Sydney Airbnb Market
Melbourne Airbnb Market
Vacancy rates in both Sydney and Melbourne continue to decline. In December 2019 vacancy rates for Sydney and Melbourne were 3.6% and 2.5% respectively, and in February 2020 they were 2.9% and 1.9% respectively. These figures are both under the Real Estate Institute of Australia’s healthy benchmark of 3.0% and a declining trend suggests healthier rental demand.
Presently, data shows that investor confidence in capital cities should not waver as there is a healthier vacancy rate in both Sydney and Melbourne. Despite the decline in unique listings in the short-term rental market; which may suggest the property has been added to the long-term market instead; there does not appear to be any severe effects on the long-term market.
Property Investment – Tourist / Holiday Destinations
Due to tourists delaying or cancelling holiday plans, the short-term rental market in ‘tourist-heavy’ areas may be impacted. Areas such as: Gold Coast, Sunshine Coast, Bondi Beach, Byron Bay, and Whitsundays/Airlie Beach.
As Airbnb data is not available for these areas, PRD has assessed the long-term rental market for unprecedented changes. The following was found:
1. The trend of ‘total number of properties rented’ in all tourist-heavy areas has remained unchanged. There was an increase in the number of properties in the long-term rental market between December 2018 – February 2019, which was repeated in December 2019 – February 2020. For example, in Byron Bay the number of rentals in the long-term market increased from 26 to 68 between December 2018 – February 2019, and also increased between December 2019 – February 2020, from 32 to 58.
2. By comparing the December 2018 – February 2019 and December 2019 – February 2020 patterns, we see there hasn’t been a significant increase in the long-term market. In fact, the number of rentals in the long-term market has decreased. For example, in the Whitsundays the number of rentals on the long-term market increased from 58 to 112 between December 2018 – February 2019, which is almost double the increase; but only an increase of 47.5% (from 59 to 87 between December 2019 – February 2020).
3. Vacancy rates in all tourist-focused areas have remained consistent between December 2018 – February 2019 and December 2019 – February 2020. For example, vacancy rates in Bondi Beach tend to decline between December 2018 – February 2019 from 2.7% to 2.6%. This pattern is repeated between December 2019 – February 2020, declining from 2.5% to 2.1%.
4. February 2020 vacancy rates in all tourist-focused areas are classified as ‘healthy’, under the Real Estate Institute Australia’s benchmark of 3.0%. In fact, for some areas such as Sunshine Coast and Whitsundays it is at a much healthier rate.

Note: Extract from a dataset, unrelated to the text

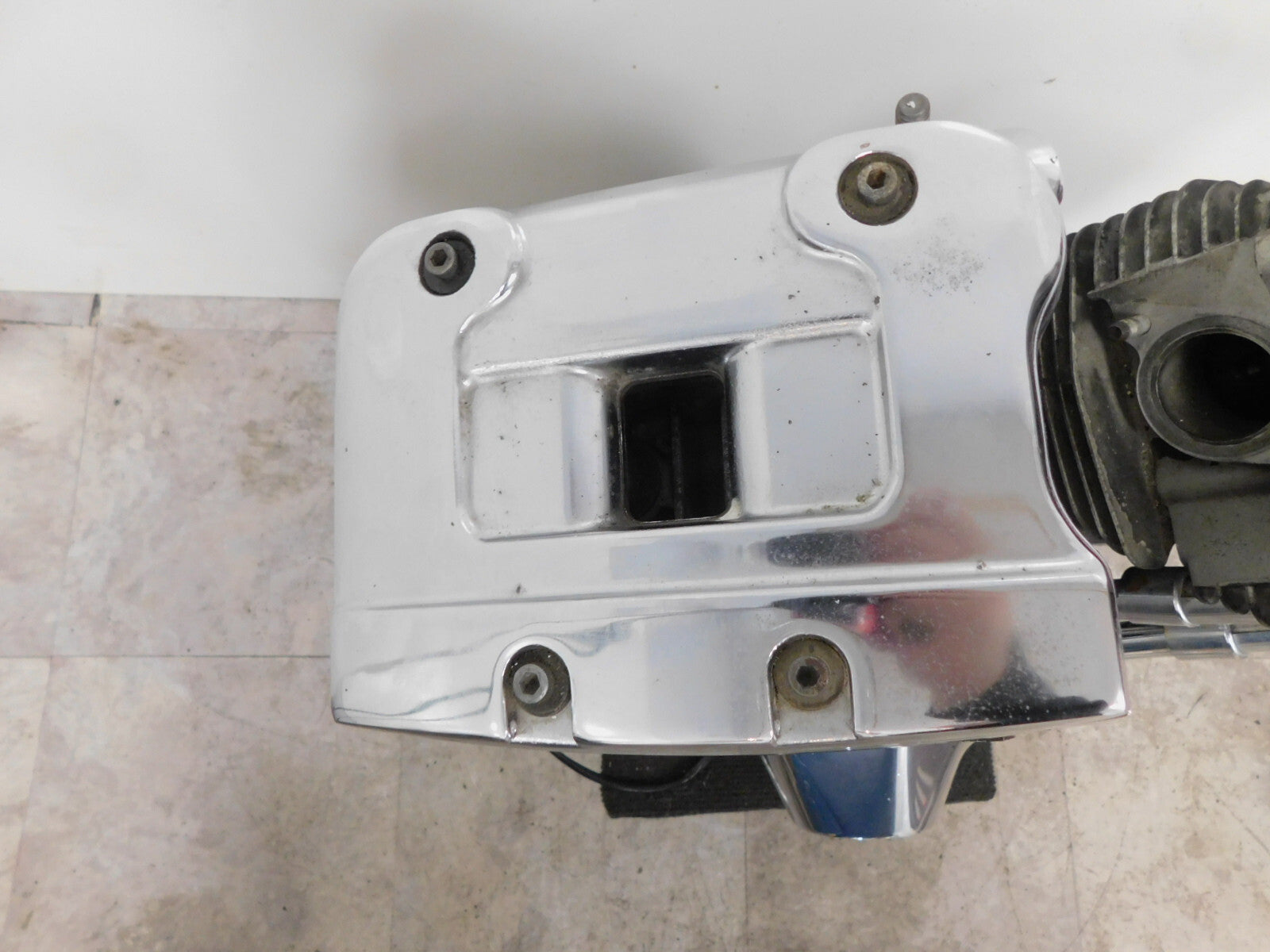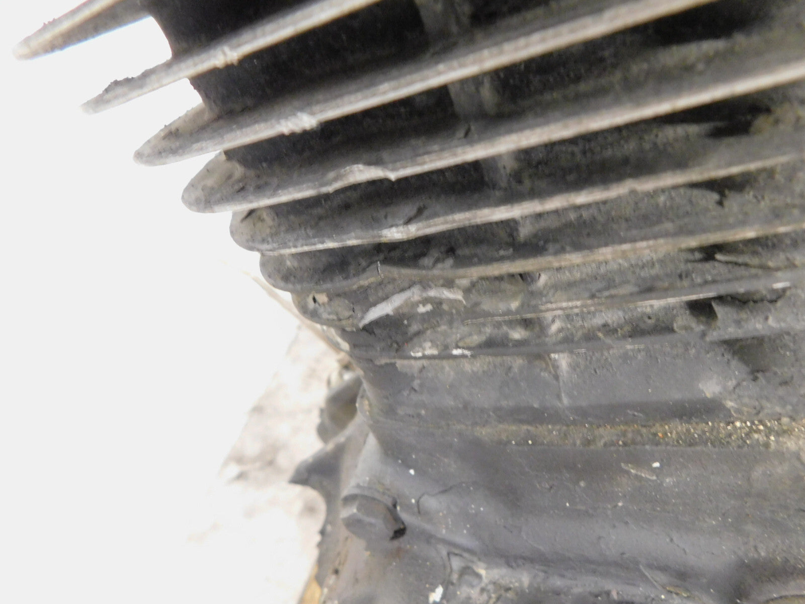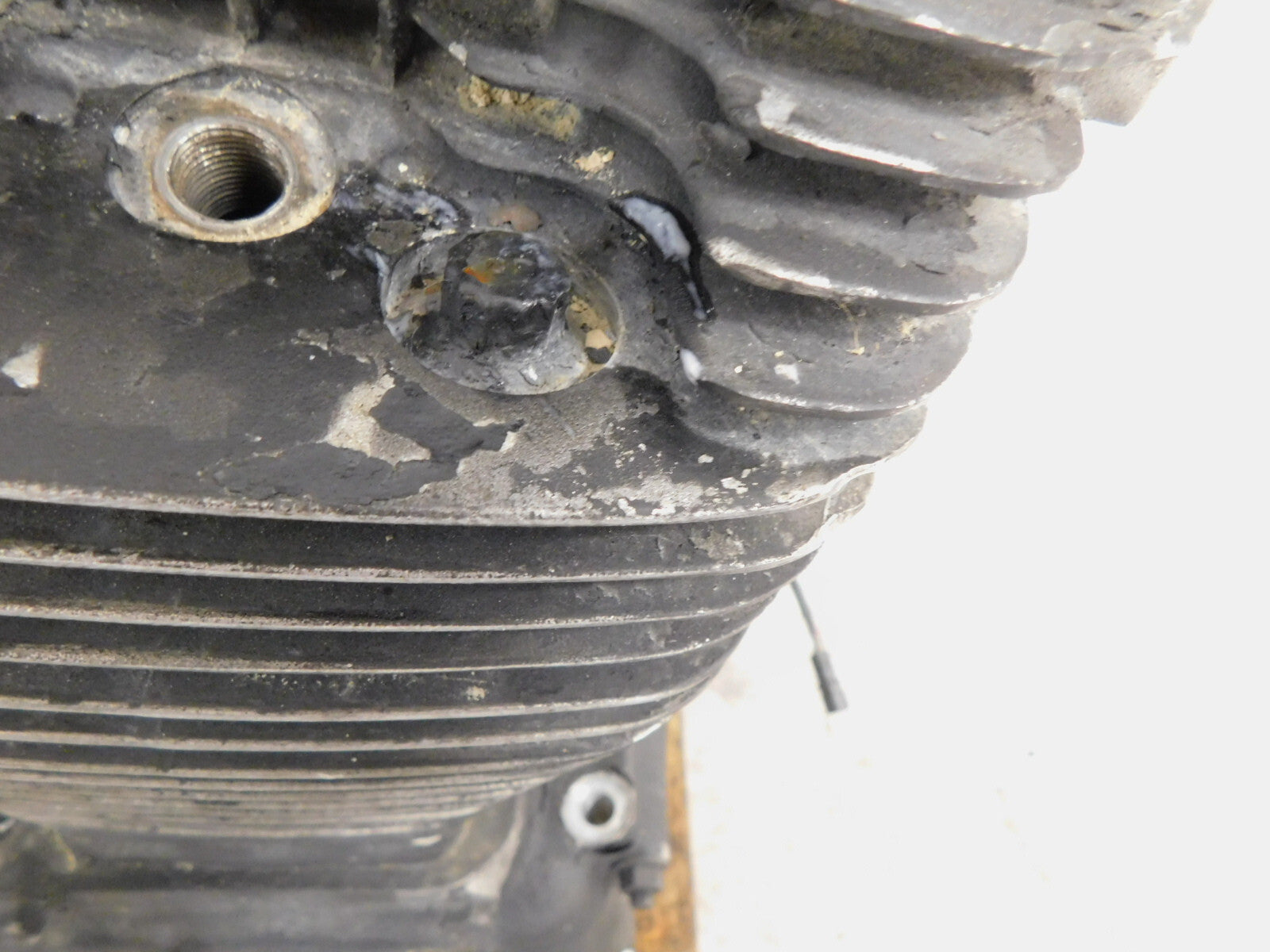 This is a used engine. There are some light marks from previous use and storage and there is pitting and chipping of the chrome on the covers and chipping of the paint. There is chipping of the fins, and the front motor mount is broken off (as pictured). Since the front motor mount is broken this engine is sold for repair only.

Overall, the long-term rental market in tourist destinations is not showing an unprecedented increase that would put pressure on vacancy rates. There is evidence of a slowdown in the number of rental properties being added to the market, in comparison to December 2018 – February 2019, which is reflective of the current COVID-19 induced conditions. On a positive note, this also means there is no added pressure to the long-term rental market, and given healthy vacancy rates conditions this should build investor confidence.